Interesting story. I too live in So. Ca. I was wondering which EP's that you

worked with out here.

Dwight

<<Dear ,

How exciting to know there's three of us who went to France for our

ablations. Who's the third? At the time everyone treated my like I was a

nut case going overseas for treatment.

I had had three failed ablations in the U.S. and had to quit work

because sometimes after an A-Fib attack, my heart would stop beating.
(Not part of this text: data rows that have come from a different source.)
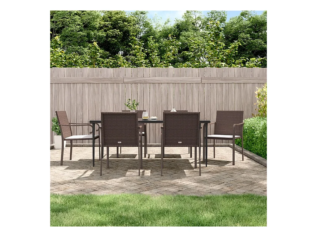 Tuinstoelen en kussens set van 6 bruin 56x59x84 cm rotan
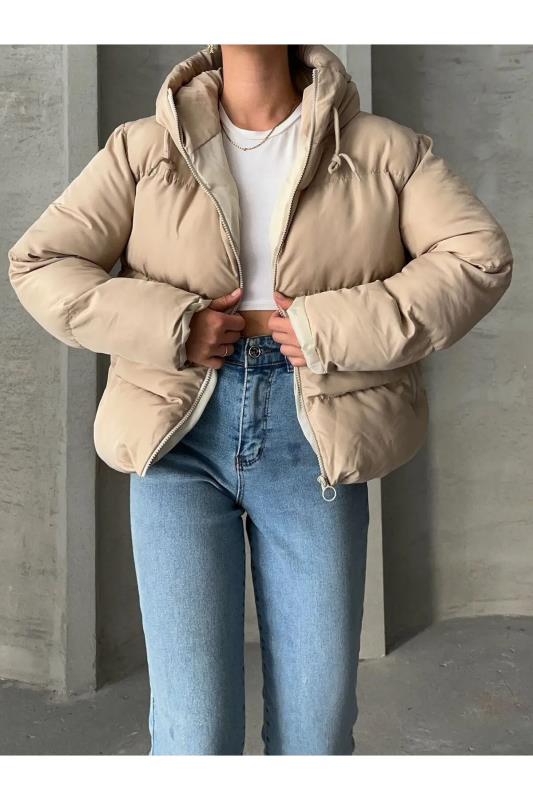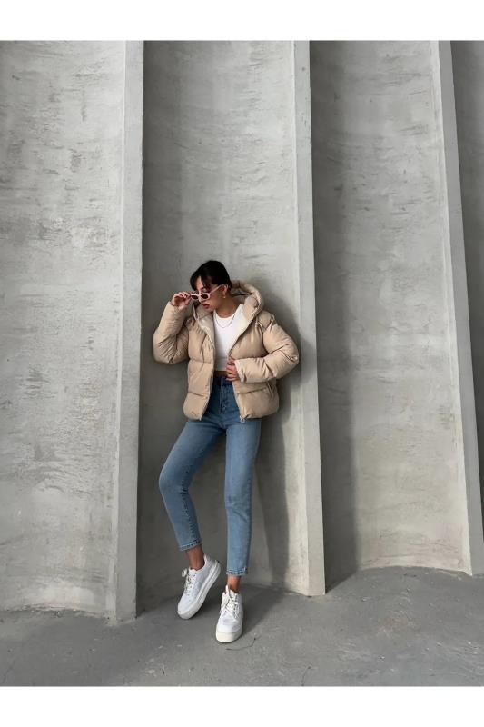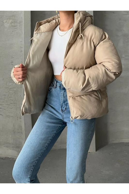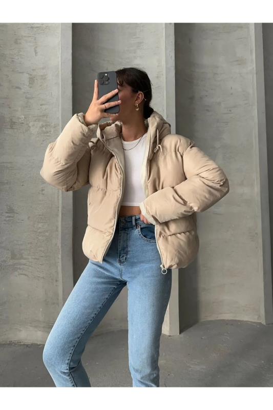 کتپشن پفی زنانه کلاه دار بژ happiness istanbul
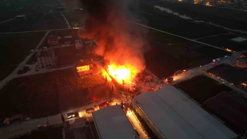 Hatay’da bir fabrikada yangın çıktı. İtfaiye ekiplerinin yangına müdahalesi sürerken, yangın dron ile havadan görüntülendi.
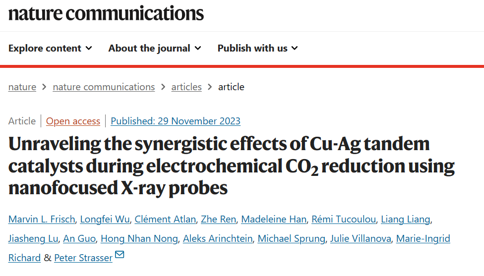 相关研究工作以“Unraveling the synergistic effects of Cu-Ag tandem catalysts during electrochemical CO2reduction using nanofocused X-ray probes”为题发表在国际顶级期刊Nature Communications上。
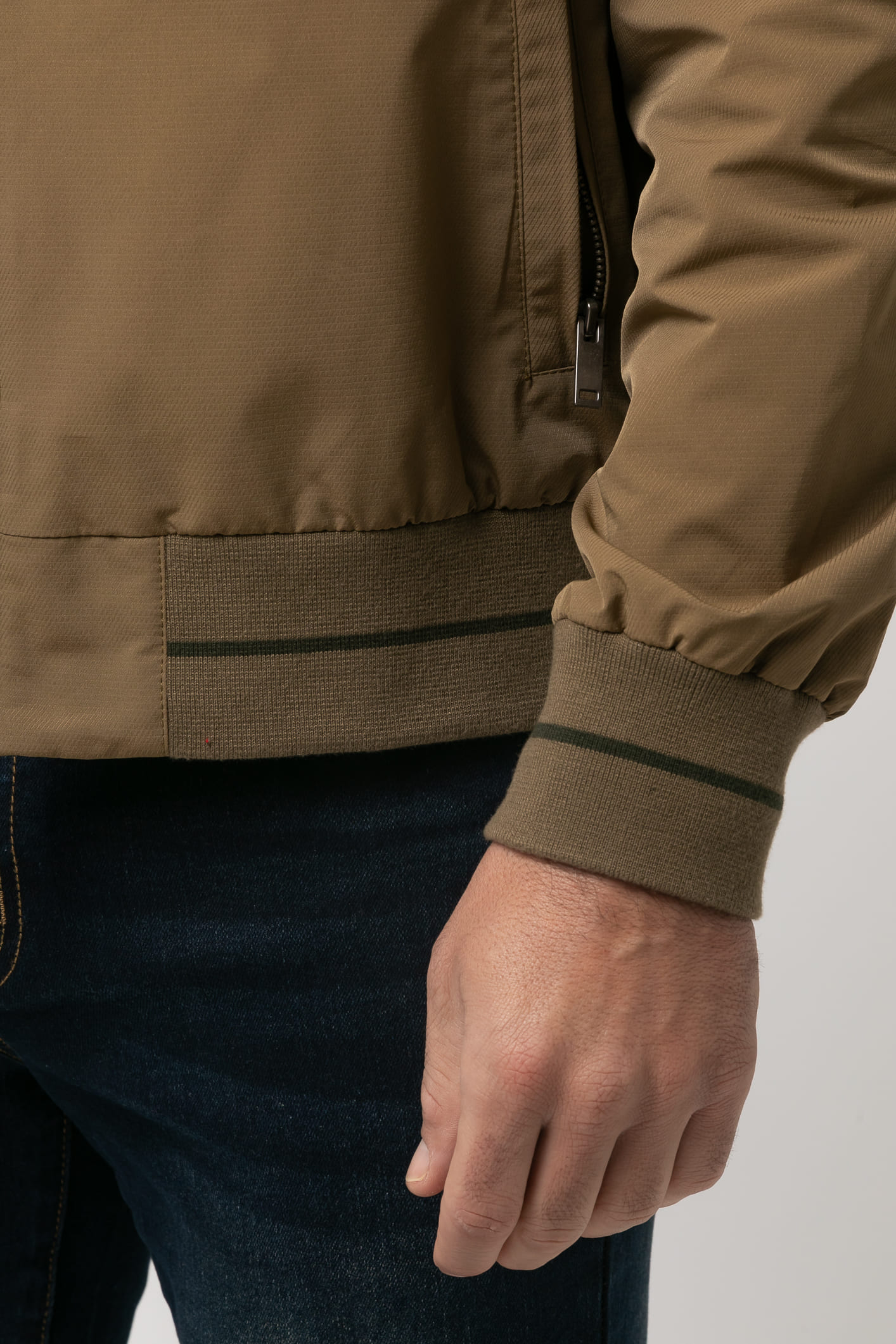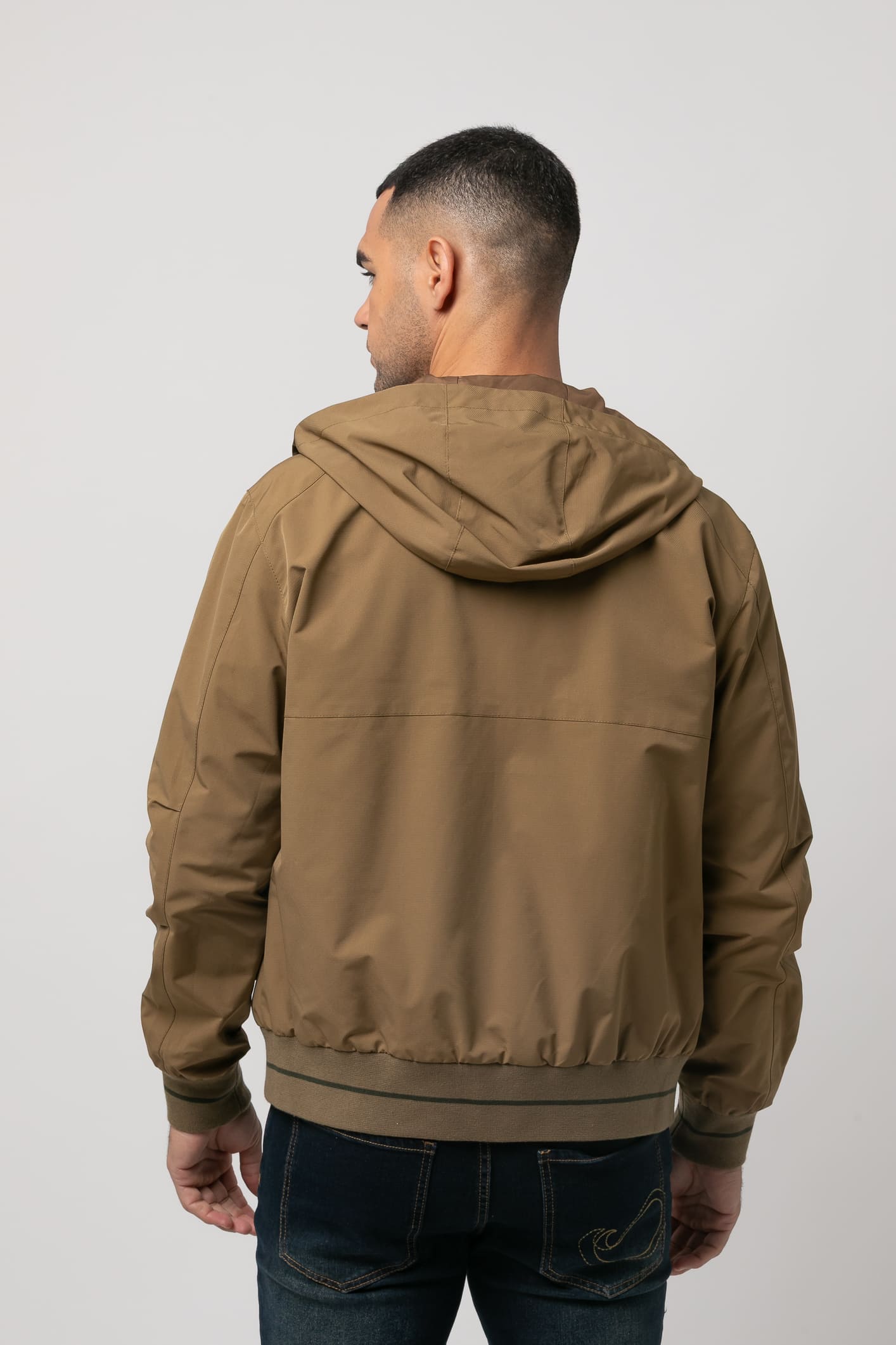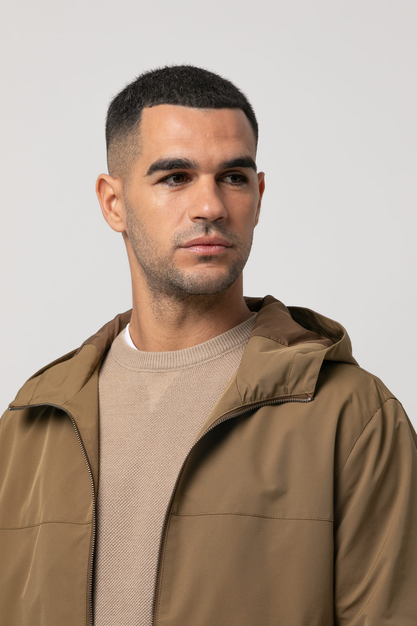 Cazadora tejido técnico con capucha, detalles interiores contrastados y dos bolsillos frontales con cremallera. Cierre frontal con cremallera.
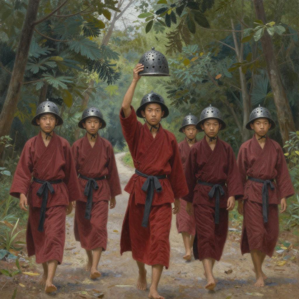 Nature, bald, multiple boys, forest, helmet, realistic, 6+boys, outdoors, traditional media, painting (medium), photorealistic, tree, male focus, holding, scenery, day, barefoot, robe, road, photo background, standing, red robe, walking
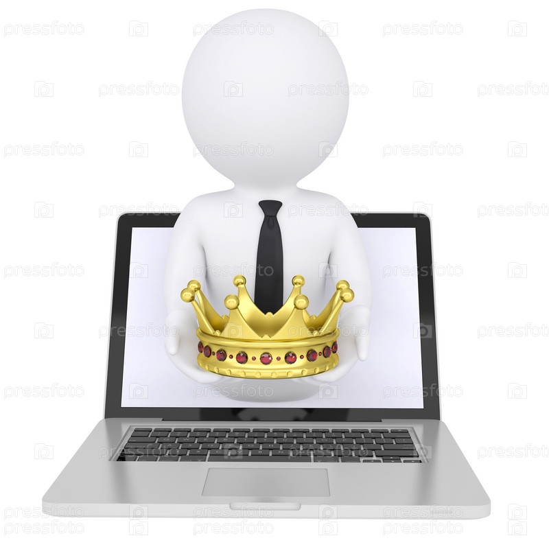 3D белый человек из компьютера с золотой короной
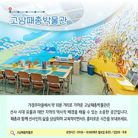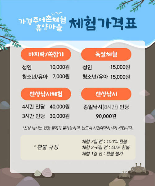 - 체험프로그램: 갯벌체험, 어촌체험, 해산물 잡기 등

I'd get dizzy and nearly pass out. This is about four years ago. My wife

got me on the Internet. The first article I found talked about Dr.

Haissaguerre's work. After about a half year of research and living in

medical school libraries, it seemed to me that the French Bordeaux group

was light years ahead of everyone else. I wrote and called Dr.

Haissaguerre and asked him to treat me. It wasn't easy. They hadn't

discovered PV Potentials yet. When I got to Bordeaux, my A-Fib symptoms

disappeared---like taking your car to the garage. I had to have two

eight hour ablations, but I haven't had a symptom since. At 61-years-old

I'm an enthusiastic sprinter in Master's Track---100 meters, 200 meters.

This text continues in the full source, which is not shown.